Wednesday 15 June 2011

Orienting towards a poem: Poppies in July by Sylvia Plath

I remember an article I wrote for a university magazine back in 2006.  It was about how most readers find amateur poetry abstruse and even tedious, because of the very fact that it's abstruse. [I'll put a link to that article in a few days, after tweaking the editing a bit. :)] I was trying to explain why we published such poetry in the magazine and of course to encourage the young readers to give the young poets a chance by at least reading them out. This is what I wrote:

"In fact, poetry is an obscure medium. Most very popular poem are the most difficult to understand. I do not think anybody can appreciate Eliot's Wasteland without having a knowledge of the epoch. Most of Frost's poems are highly symbolic. We understand them, because we try. And trying is what we do not do when dealing with unfamiliar poets."

What I could not pin it down to, back then, was the problem of orientation.
I realised that yesterday after reading an article on Getting Acquainted with a Poem, by Paula Johnson (1975, College English, Vol. 37(4): 358-367). Through an interesting experiment (asking students to identify the message in unfamiliar poems), she demonstrated just how important orientation is.

The way I understand it, orientation is formatting the mind to comprehend novel expressions. It involves identifying placement, structure/technique, and message. Sounds vague, so let me explain.
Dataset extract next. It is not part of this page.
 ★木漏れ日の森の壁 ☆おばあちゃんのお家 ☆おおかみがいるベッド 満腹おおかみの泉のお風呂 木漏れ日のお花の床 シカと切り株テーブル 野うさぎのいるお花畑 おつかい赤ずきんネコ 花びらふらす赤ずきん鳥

When you place a poem, you try to literally locate it in space and time: the era, the time in poet's life, location. That helps. There are some poems which you simply cannot understand, or really appreciate otherwise. For example, Wordsworth The French Revolution as it Appeared to it's Enthusiasts at it's Commencement. If you don't know what the French Revolution was all about, you simply will not get this poem at all. For a better understanding, one might like to know what Mr. Wordsworth was doing at the time of the Revolution, i.e. what was going on in the poet's life and mind. (Any letters written during that time can be invaluable.) Some people might be aware of his active interest and later disillusionment with the Revolution. This is placement. It tells you what was going on in the world around the poet and sometimes the intensity and extent of the poet's involvement with the state of affairs. One generally does have to do some background research on this aspect.

But luckily, not all poems really require this much research. Most poems are not time bound. Anyone can relate to them just by sensitising oneself to the the language of poetry.
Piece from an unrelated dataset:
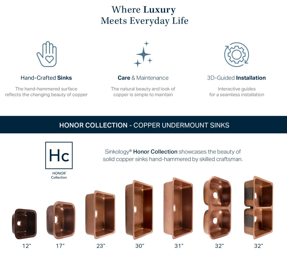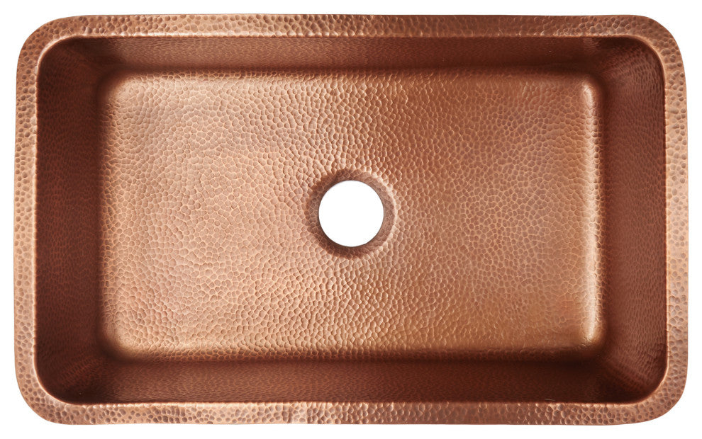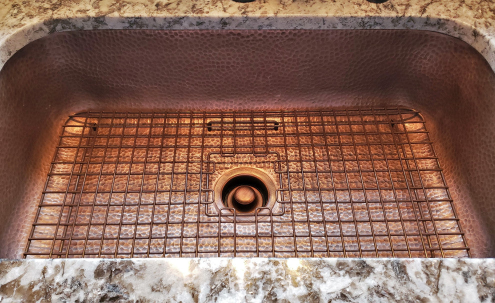 When it comes to cleaning your kitchen, you want it to be as easy as possible. The Orwell undermount copper kitchen sink makes cleaning up easy - ensuring crumbs and moisture go in the sink, not in a seam. The single bowl design allows maximum workspace for cleaning bulky or oversized dishes. Our durable, solid copper sinks are hand-hammered by skilled craftsman and protected by our lifetime warranty.Dimensions: 30" x 18" x 8"Undermount style creates a seamless transition from sink to countertop and ensures crumbs and moisture easily go in the sinkSingle bowl maximizes available spaceHand-hammered, solid 16-gauge copper is protected by our lifetime warrantySound dampening pads reduce dish clatter, noise, and vibrationsAntique Copper is aged to a medium-to-light tone for that classic copper lookRecommended Products: Wren Kitchen Sink Bottom Grid in Antique Brown (#SG004-27)Kitchen Sink Basket Strainer Drain in Antique Copper (#TB35-01)Kitchen Sink Disposal Drain Flange in Antique Copper (#TD35-01)Copper Care IQ Kit (#SARMOR-101)

That is, the structure. Structure often involves the conscious use of techniques: alliteration, assonance, onomatopoeia, conceit, refrain, imagery, prosody, etc. [Don't know what these words mean? Learn them. It will do you a world of good if you are for real a poetry lover. Check out some of these definitions at: http://highered.mcgraw-hill.com/sites/0072405228/student_view0/poetic_glossary.html.] Identify the structure. Then think over it.

Structure also involves the structure of thoughts. For example, take Sylvia Plath's Poppies in July. In the beginning, she can touch the poppies, but is unable to feel their heat. Later, she sees fumes emanating from them that she cannot touch. She finally recedes into a glass capsule where even the opiates cannot seep in. There is a constantly increasing physical recession.

Imagery also has to be decoded. The red flames which do not burn in the beginning, themselves appear to be the victims by the middle of the poem: bloodied mouths and bloody skirts. An ulcer? An internal laceration induced by a sharp poison?

There is in fact poison right inside the belly of the bloodied mouths and skirts. It's the opium. There is a reiteration of the envy, this time: If I could bleed or sleep!.../ If my mouth could marry a hurt like that!

But by then, she has withdrawn further. She is in a glass capsule where she does not even have the strength or freedom to burn or poison herself. She is so enfeebled that even the red colour stings her, a feeling reiterated in the Tulips: The tulips are too red in the first place, they hurt me. She wants a colourless, painless, passionless death for herself.

Did you just realise we got to the message just by analysing the structure?

Let me place the poem now to complete this study. This poem is a part of her poetry collection Ariel, which was posthumously published in 1965. Sylvia Plath killed herself by placing her head in a burning oven in 1963.